Organizations process millions of documents every year: reports, contracts, invoices, correspondence. Traditionally, human operators read each document, classify it, extract the relevant fields, and enter the data into a management system. This is slow, expensive, and error-prone.
In this post I’ll describe the architecture of a production document processing pipeline I helped build. The system ingests documents, extracts text using vision-based LLMs, clusters and classifies document sections, extracts structured data, and generates vector embeddings for semantic search. All of this runs on a fully serverless AWS architecture with no idle infrastructure costs.
The Problem Space#
A typical submission arrives as a ZIP archive containing multiple documents: reports, certificates, invoices, photos, correspondence. Each document needs to be:
- Parsed into machine-readable text (many are scanned PDFs or photos)
- Classified by type (report, certificate, invoice, etc.)
- Structured by extracting specific fields per document type (e.g., reference number and date from a report, line items and totals from an invoice)
- Indexed for semantic search so operators can query across all documents in natural language
- Summarized so the operator gets an overview without reading every page
The system needs to handle multiple document categories, support concurrent processing of hundreds of batches, and recover gracefully from LLM failures.
Architecture Overview#
The architecture follows an event-driven, fully serverless pattern:
ZIP Upload → S3 → EventBridge → Step Functions → [Lambda Pipeline] → DynamoDB + Aurora
↓
Processing Service (ECS) ← ALB ← UsersThe key components:
- S3 Ingestion Bucket: receives ZIP uploads via presigned URLs
- EventBridge Rule: triggers the processing pipeline when a file lands
- Step Functions: orchestrates the multi-stage processing workflow
- Lambda Functions: execute each processing stage (stateless, parallel)
- DynamoDB: tracks processing state and stores extraction results
- Aurora PostgreSQL: stores vector embeddings for RAG
- ECS Service (Django): serves the web UI and API for operators
- Keycloak + Entra ID: authentication and group-based access control
The Ingestion Flow#
Documents enter the system through a secure upload flow:
- The external system calls our API to register a batch (category, permissions, metadata)
- It requests a presigned S3 URL from a lightweight Lambda function
- It uploads the ZIP archive directly to S3 using the presigned URL
- An EventBridge rule detects the new object and triggers the Step Functions workflow
The presigned URL approach avoids routing large files through our API. The Lambda generates short-lived URLs (10-60 seconds), so the upload window is narrow enough to prevent misuse.
import boto3 {title="processor.py"}
from datetime import datetime
def handler(event, context):
s3 = boto3.client("s3")
batch_name = event["batch_name"]
document_code = event["document_code"]
key = f"landing/{batch_name}#{document_code}.zip"

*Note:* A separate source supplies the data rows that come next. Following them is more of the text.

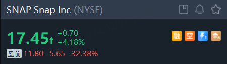 社交媒体公司Snap盘前暴跌32%。财报显示Snap去年第四季度营收13.6亿美元,小幅低于分析师预期的13.8亿美元。Snap预计一季度调整后息税折旧摊销前利润将亏损0.55-0.95亿美元,大幅低于分析师预期的亏损0.327亿美元。大摩下调Snap目标价至11美元,维持“减持”评级。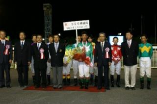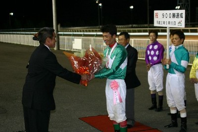 齊藤正弘騎手 900勝達成表彰式 2008.09.11 9月11日、旭川競馬場で9月10日に900勝を達成した齊藤正弘騎手(米川伸也厩舎)の表彰式が同競馬場スタンド正面で行われ、多くのファンや関係者の祝福を受けました。 表彰式終了後には、齊藤正弘騎手から集まったファンに花束がプレゼントされました。 また、川島雅人騎手がプラカード持ちを務めてくれました。 写真 上:北海道調騎会から花束の贈呈 下:参加者全員で記念写真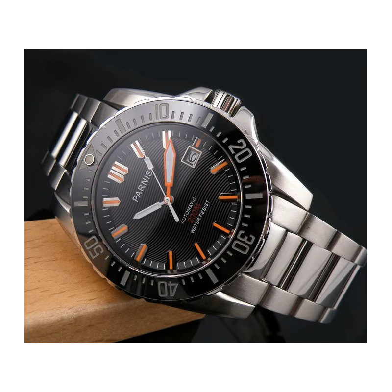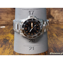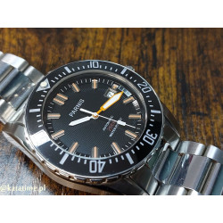 Ot, niedrogi, ale wyglądający jak milion dolarów, męski zegarek w stylu najlepszych zegarków nurkowych. Zegarek posiada wszystko, czego można oczekiwać od fajnego, codziennego zegarka na męskim nadgarstku - oryginalny design, koperta ze stali nierdzewnej, chirurgicznej, niealergizującej, odpowiednią wielkość 43 mm, szafirowe, odporne na zarysowania szkło, automatyczny mechanizm (nakręcanie przy noszeniu), czytelność odczytu w każdych warunkach. A na dodatek w komplecie stalowa bransoletka i skórzany, czarny pasek z motylkową klamrą. Czego potrzeba więcej?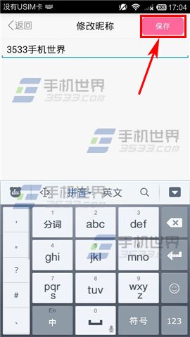 2)进入到个人信息页面点击【昵称】一项,输入新昵称点击【保存】即可。(如下图)

url = s3.generate_presigned_url(
"put_object",
Params={
"Bucket": INGESTION_BUCKET,
"Key": key,
"ContentType": "application/zip",
},
ExpiresIn=60,
)
return {"upload_url": url, "key": key}Processing runs in periodic batches (every 10 minutes) rather than on each individual upload. This is a deliberate tradeoff: we accept a few minutes of latency in exchange for better throughput management and cost control when handling bursts of uploads.
The Step Functions Pipeline#
The core of the system is an AWS Step Functions state machine that orchestrates document processing through a linear phase followed by two parallel branches.
Linear Phase: Parse and Extract Text#
Stage 1: Start (batch-level)
The first Lambda validates the uploaded ZIP, extracts files, uploads individual documents to a support bucket, and creates tracking records in DynamoDB. It also deduplicates: if a document with the same name already exists in the batch and is being processed, it’s skipped.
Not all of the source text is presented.